(Stored data entries)

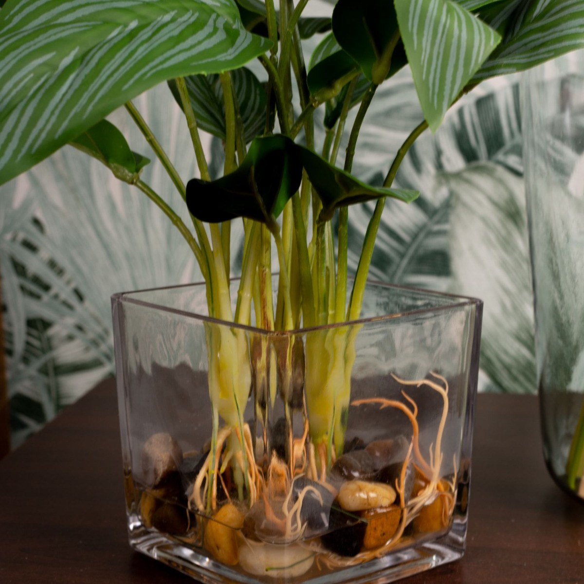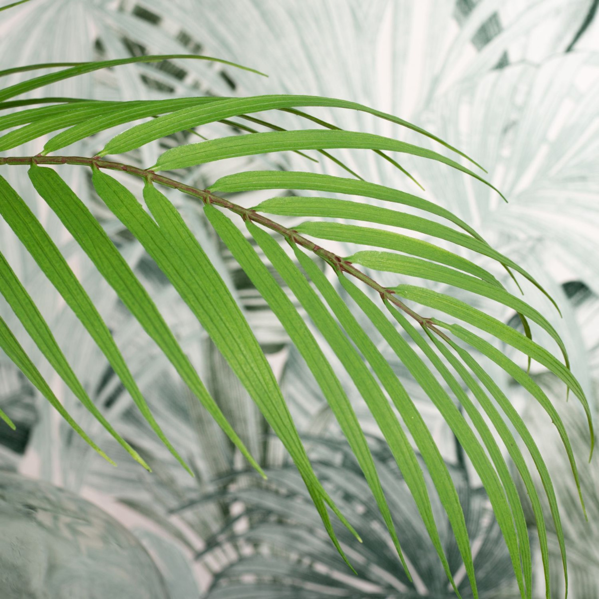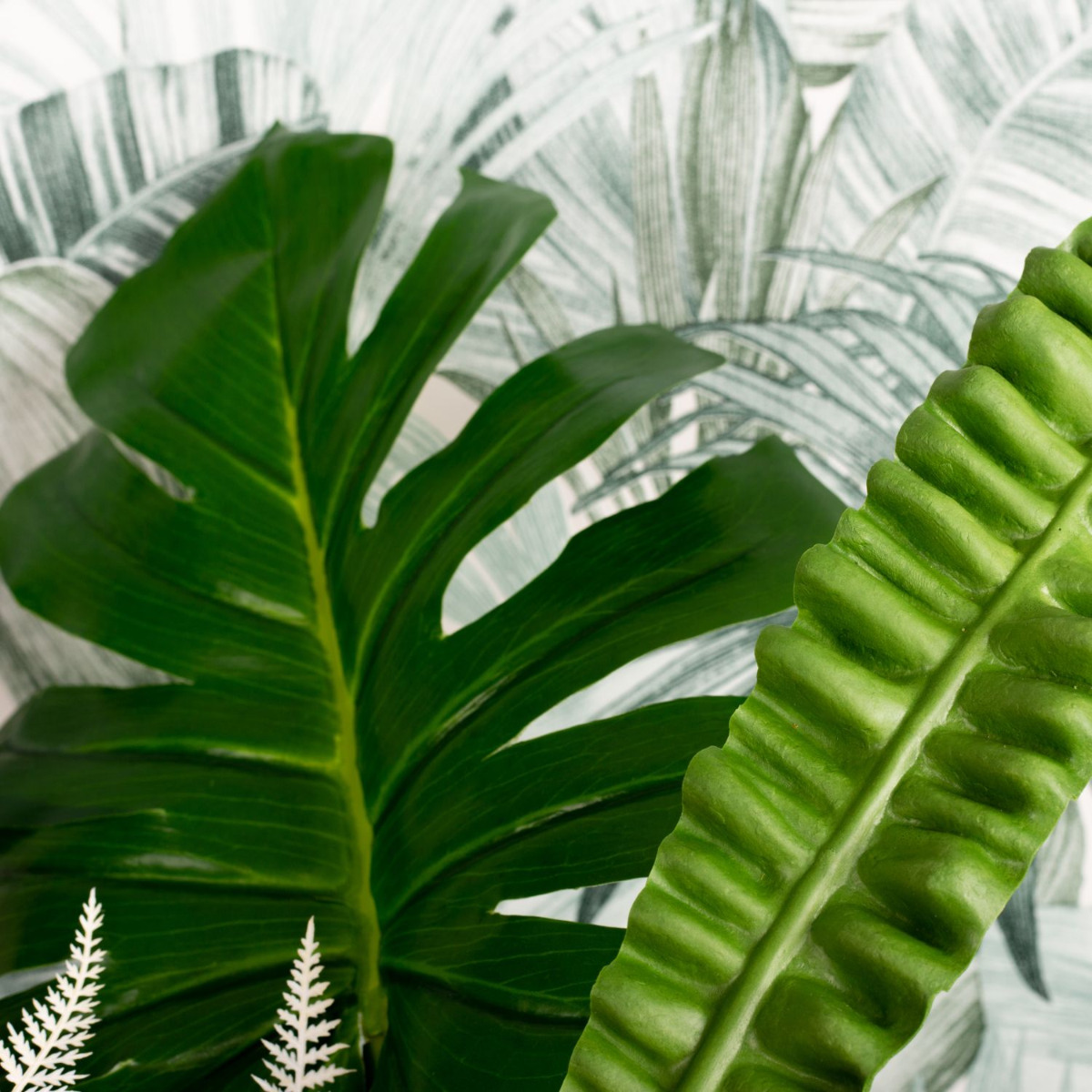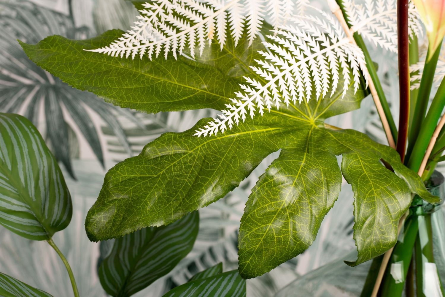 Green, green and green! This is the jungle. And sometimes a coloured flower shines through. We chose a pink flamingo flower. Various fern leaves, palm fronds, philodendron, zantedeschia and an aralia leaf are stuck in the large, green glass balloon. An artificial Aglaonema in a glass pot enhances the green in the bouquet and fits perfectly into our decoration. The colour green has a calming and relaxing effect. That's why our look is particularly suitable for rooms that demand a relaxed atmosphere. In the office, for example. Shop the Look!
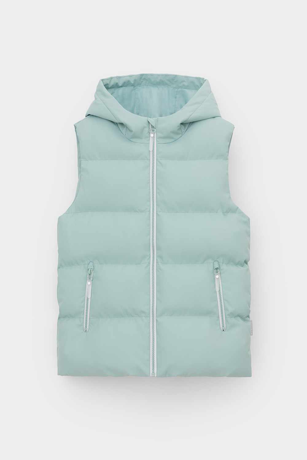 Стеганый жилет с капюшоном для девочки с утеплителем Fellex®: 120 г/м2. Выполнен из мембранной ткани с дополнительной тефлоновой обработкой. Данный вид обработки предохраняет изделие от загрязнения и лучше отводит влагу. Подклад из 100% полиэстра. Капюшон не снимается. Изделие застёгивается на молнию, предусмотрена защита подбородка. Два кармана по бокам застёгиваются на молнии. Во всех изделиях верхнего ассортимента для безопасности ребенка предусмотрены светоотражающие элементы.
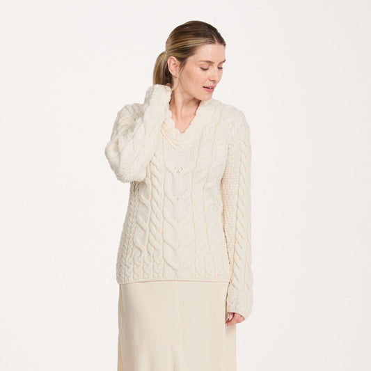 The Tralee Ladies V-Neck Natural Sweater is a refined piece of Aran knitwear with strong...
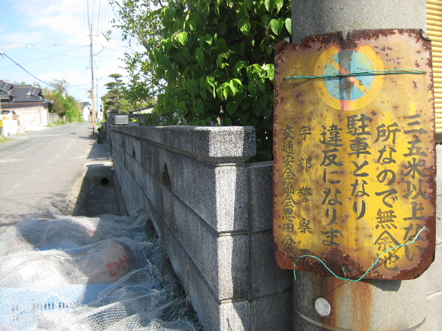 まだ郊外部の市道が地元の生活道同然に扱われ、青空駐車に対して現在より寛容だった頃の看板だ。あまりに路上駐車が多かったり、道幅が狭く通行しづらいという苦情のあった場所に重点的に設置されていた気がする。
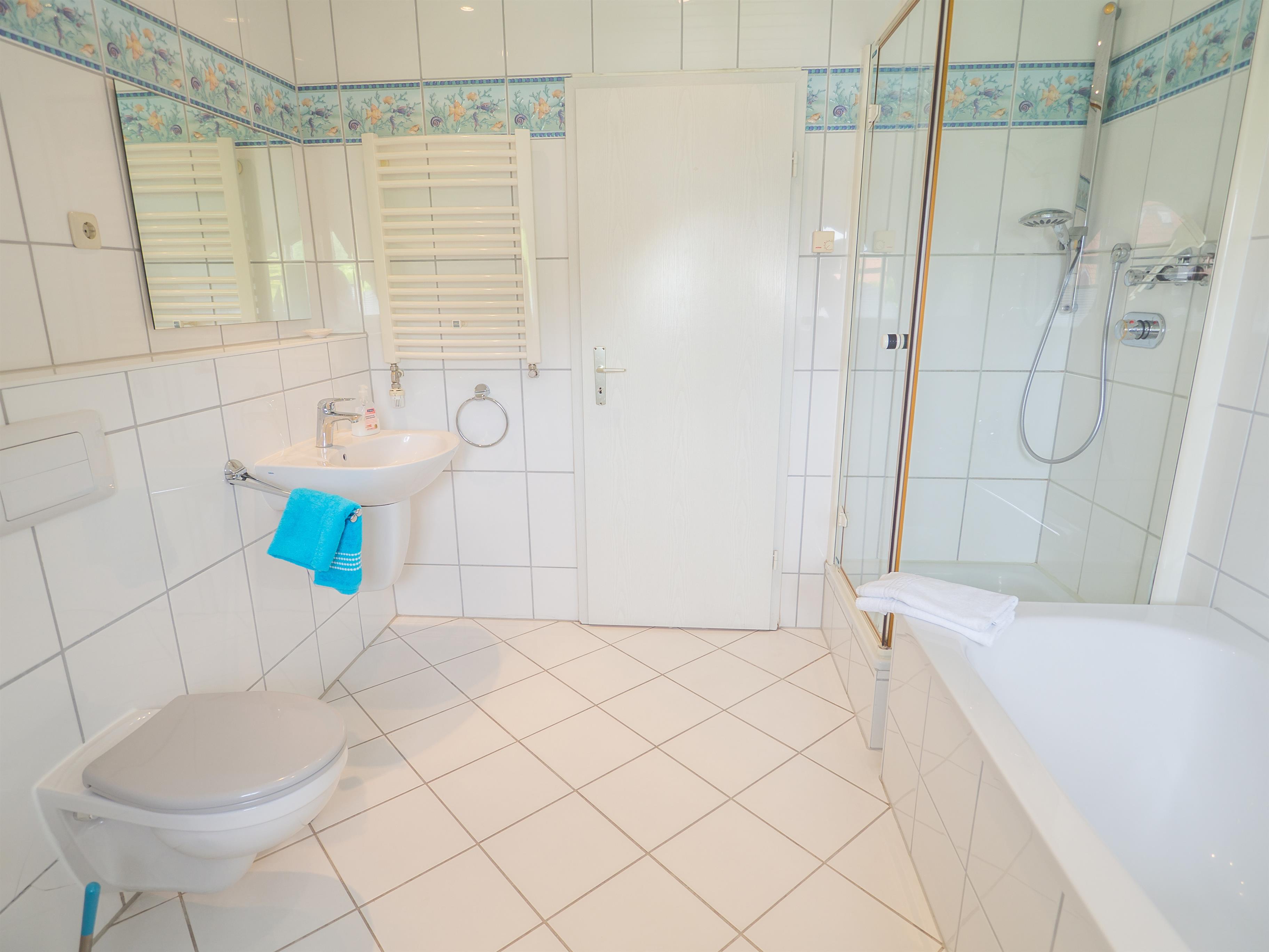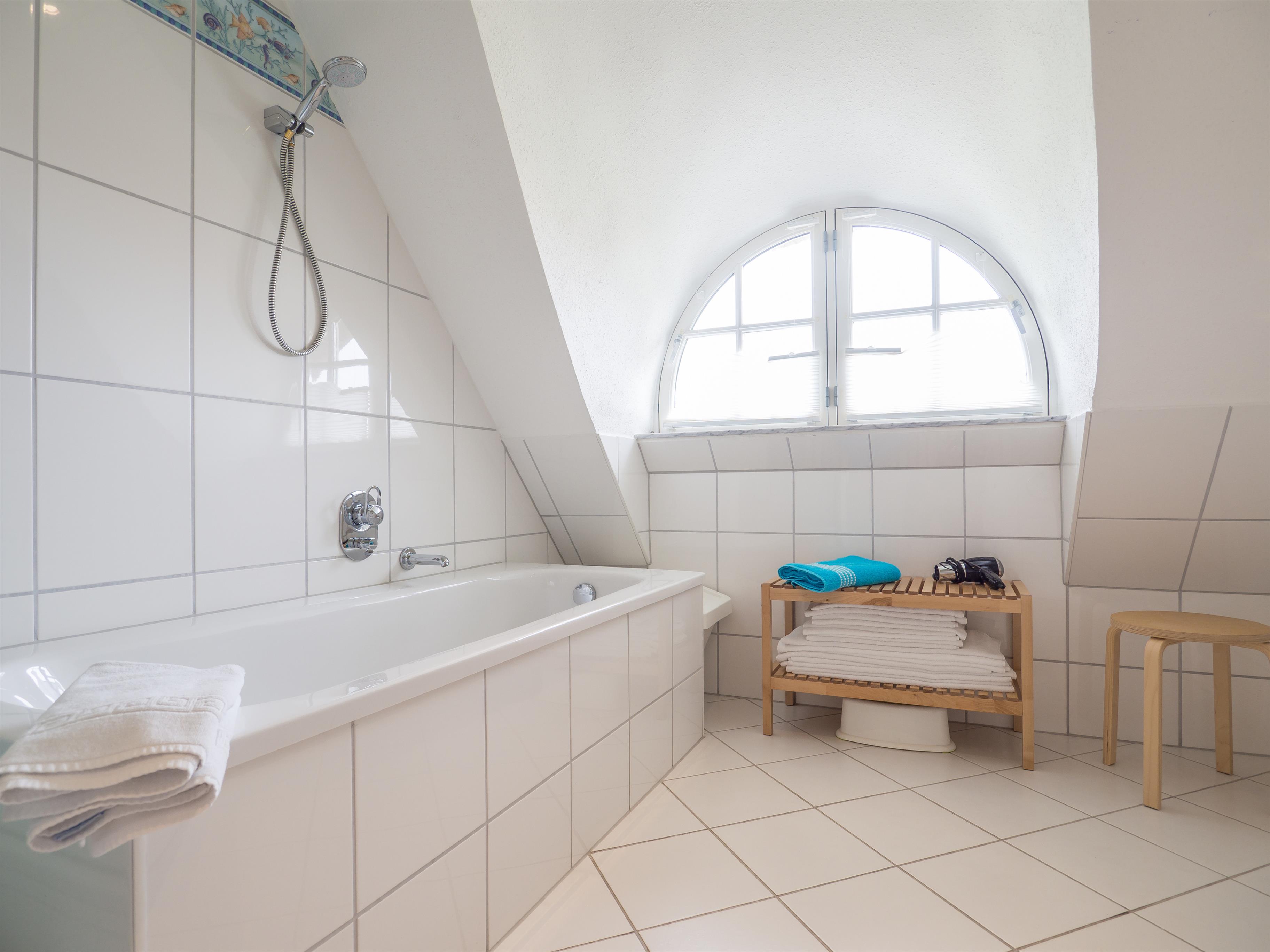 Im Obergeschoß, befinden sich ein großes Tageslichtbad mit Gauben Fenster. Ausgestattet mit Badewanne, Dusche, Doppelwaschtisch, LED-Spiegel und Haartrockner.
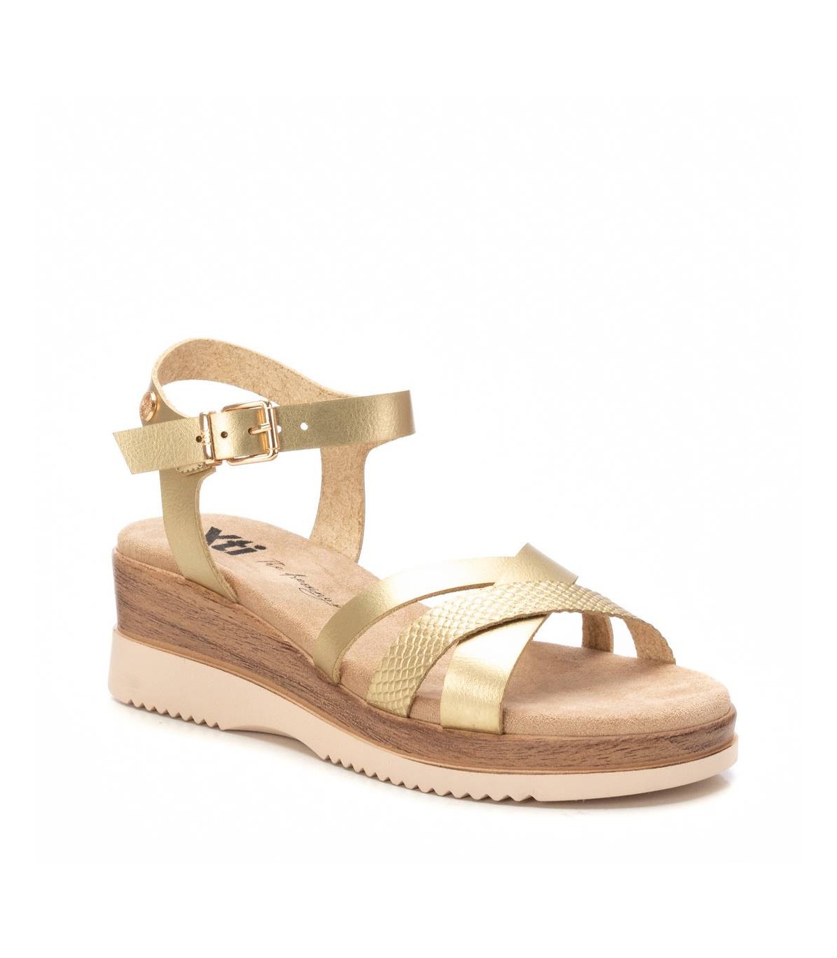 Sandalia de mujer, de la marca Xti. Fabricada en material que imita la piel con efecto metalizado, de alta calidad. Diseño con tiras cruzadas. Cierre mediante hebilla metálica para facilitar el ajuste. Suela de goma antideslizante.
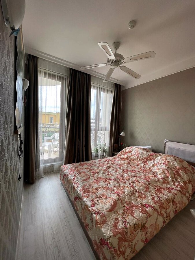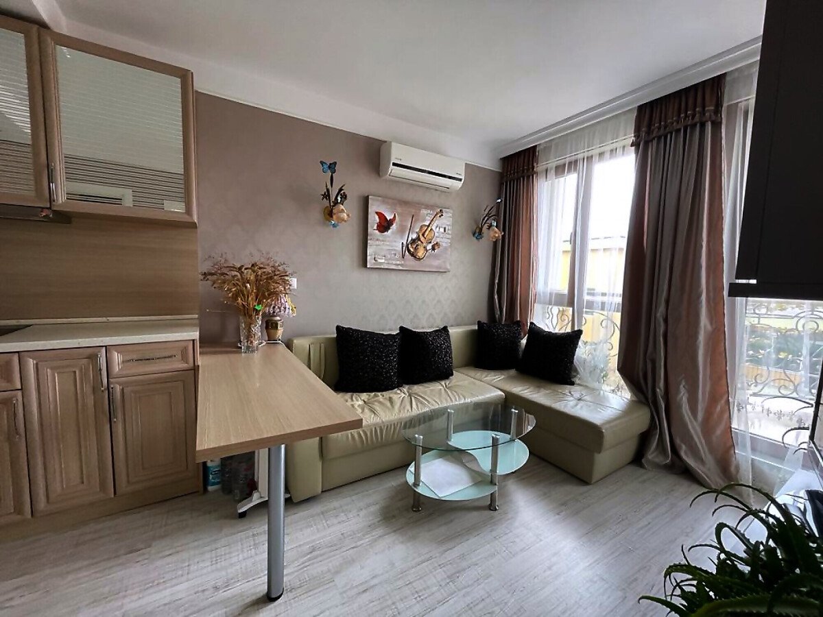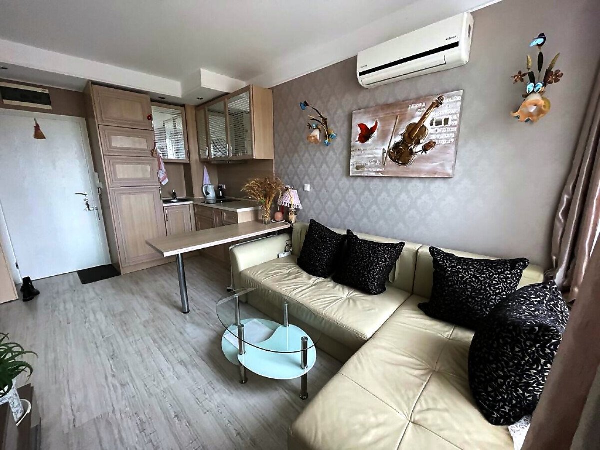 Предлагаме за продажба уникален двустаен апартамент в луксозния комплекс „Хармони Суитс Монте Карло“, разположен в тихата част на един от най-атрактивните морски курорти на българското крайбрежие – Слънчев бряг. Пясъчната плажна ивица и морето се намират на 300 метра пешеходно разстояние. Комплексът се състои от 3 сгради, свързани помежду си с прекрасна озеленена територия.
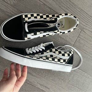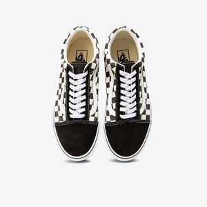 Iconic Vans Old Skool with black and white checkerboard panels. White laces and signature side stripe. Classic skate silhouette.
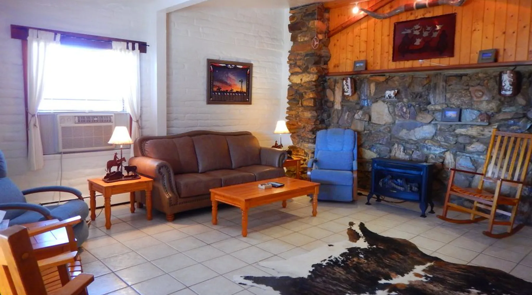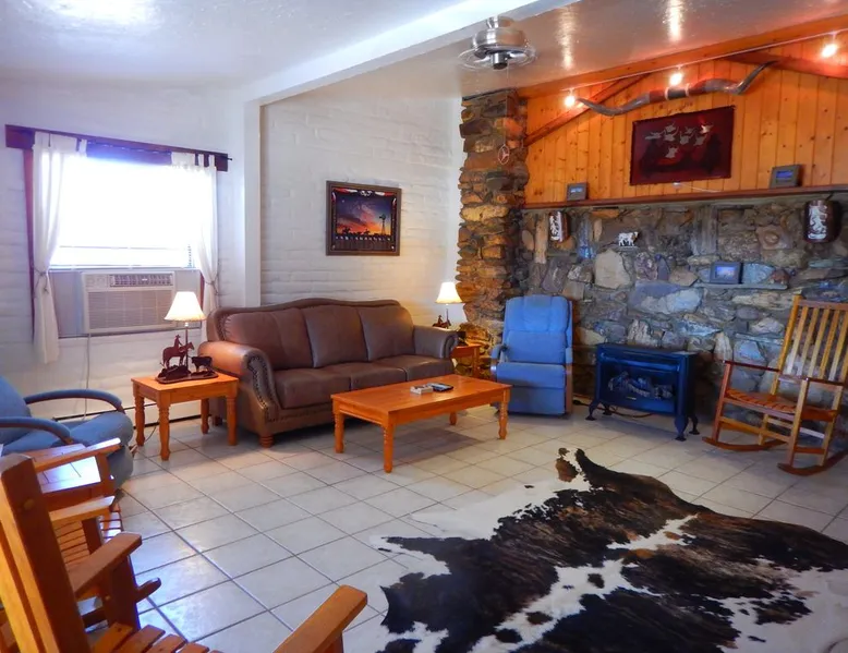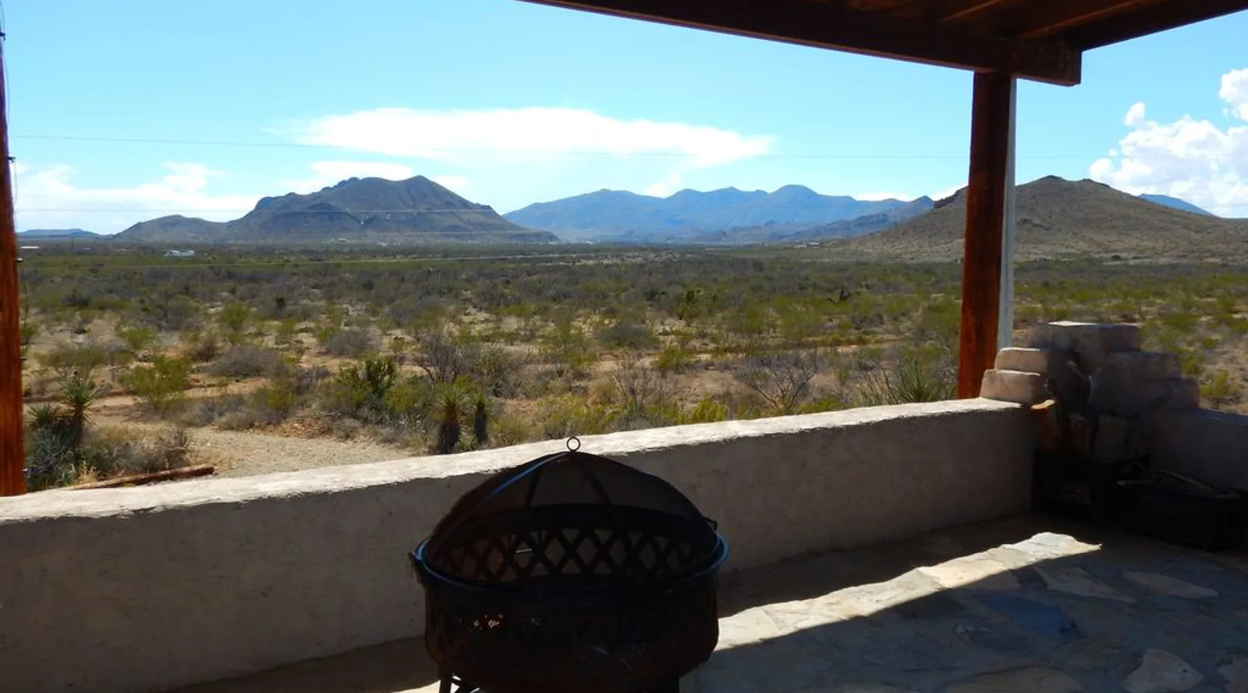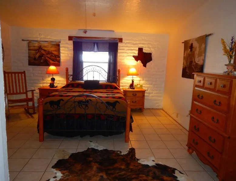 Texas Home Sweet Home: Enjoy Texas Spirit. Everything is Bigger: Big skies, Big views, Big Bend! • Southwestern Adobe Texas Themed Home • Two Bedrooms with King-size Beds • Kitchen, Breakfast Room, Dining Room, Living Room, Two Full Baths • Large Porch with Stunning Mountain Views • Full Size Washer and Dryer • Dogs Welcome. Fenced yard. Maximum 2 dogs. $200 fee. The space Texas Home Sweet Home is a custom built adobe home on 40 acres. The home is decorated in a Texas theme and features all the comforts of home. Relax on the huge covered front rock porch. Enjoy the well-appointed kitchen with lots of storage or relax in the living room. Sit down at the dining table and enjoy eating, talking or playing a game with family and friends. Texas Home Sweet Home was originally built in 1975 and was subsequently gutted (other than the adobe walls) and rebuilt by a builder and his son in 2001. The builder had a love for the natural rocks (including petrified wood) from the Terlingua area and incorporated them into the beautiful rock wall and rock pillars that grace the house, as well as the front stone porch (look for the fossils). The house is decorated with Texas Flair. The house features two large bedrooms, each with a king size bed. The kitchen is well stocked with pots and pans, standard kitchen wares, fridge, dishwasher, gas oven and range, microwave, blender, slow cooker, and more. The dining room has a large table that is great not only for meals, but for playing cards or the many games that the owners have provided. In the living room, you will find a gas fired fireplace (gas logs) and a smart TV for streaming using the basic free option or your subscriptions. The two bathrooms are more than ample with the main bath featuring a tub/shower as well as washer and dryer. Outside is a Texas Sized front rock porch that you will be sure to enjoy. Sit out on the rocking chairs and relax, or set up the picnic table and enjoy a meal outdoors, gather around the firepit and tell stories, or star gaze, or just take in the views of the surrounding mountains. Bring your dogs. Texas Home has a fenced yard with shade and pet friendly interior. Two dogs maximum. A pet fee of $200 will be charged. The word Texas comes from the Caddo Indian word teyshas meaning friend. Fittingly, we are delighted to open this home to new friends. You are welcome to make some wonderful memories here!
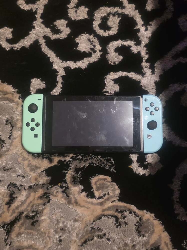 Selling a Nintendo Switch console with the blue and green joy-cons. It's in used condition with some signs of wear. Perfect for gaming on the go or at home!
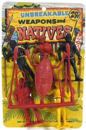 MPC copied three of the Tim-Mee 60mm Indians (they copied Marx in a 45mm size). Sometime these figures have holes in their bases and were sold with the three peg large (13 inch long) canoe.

__TASK ITEM__: Going by the entries above, repeat exactly the lines that start at the line with "Стеганый жилет с" and go on through the line with "Iconic Vans Old". Pictures are not part of the copy.

__RESULT FOR THIS EXERCISE__:
 Стеганый жилет с капюшоном для девочки с утеплителем Fellex®: 120 г/м2. Выполнен из мембранной ткани с дополнительной тефлоновой обработкой. Данный вид обработки предохраняет изделие от загрязнения и лучше отводит влагу. Подклад из 100% полиэстра. Капюшон не снимается. Изделие застёгивается на молнию, предусмотрена защита подбородка. Два кармана по бокам застёгиваются на молнии. Во всех изделиях верхнего ассортимента для безопасности ребенка предусмотрены светоотражающие элементы.
 The Tralee Ladies V-Neck Natural Sweater is a refined piece of Aran knitwear with strong...
 まだ郊外部の市道が地元の生活道同然に扱われ、青空駐車に対して現在より寛容だった頃の看板だ。あまりに路上駐車が多かったり、道幅が狭く通行しづらいという苦情のあった場所に重点的に設置されていた気がする。
 Im Obergeschoß, befinden sich ein großes Tageslichtbad mit Gauben Fenster. Ausgestattet mit Badewanne, Dusche, Doppelwaschtisch, LED-Spiegel und Haartrockner.
 Sandalia de mujer, de la marca Xti. Fabricada en material que imita la piel con efecto metalizado, de alta calidad. Diseño con tiras cruzadas. Cierre mediante hebilla metálica para facilitar el ajuste. Suela de goma antideslizante.
 Предлагаме за продажба уникален двустаен апартамент в луксозния комплекс „Хармони Суитс Монте Карло“, разположен в тихата част на един от най-атрактивните морски курорти на българското крайбрежие – Слънчев бряг. Пясъчната плажна ивица и морето се намират на 300 метра пешеходно разстояние. Комплексът се състои от 3 сгради, свързани помежду си с прекрасна озеленена територия.
 Iconic Vans Old Skool with black and white checkerboard panels. White laces and signature side stripe. Classic skate silhouette.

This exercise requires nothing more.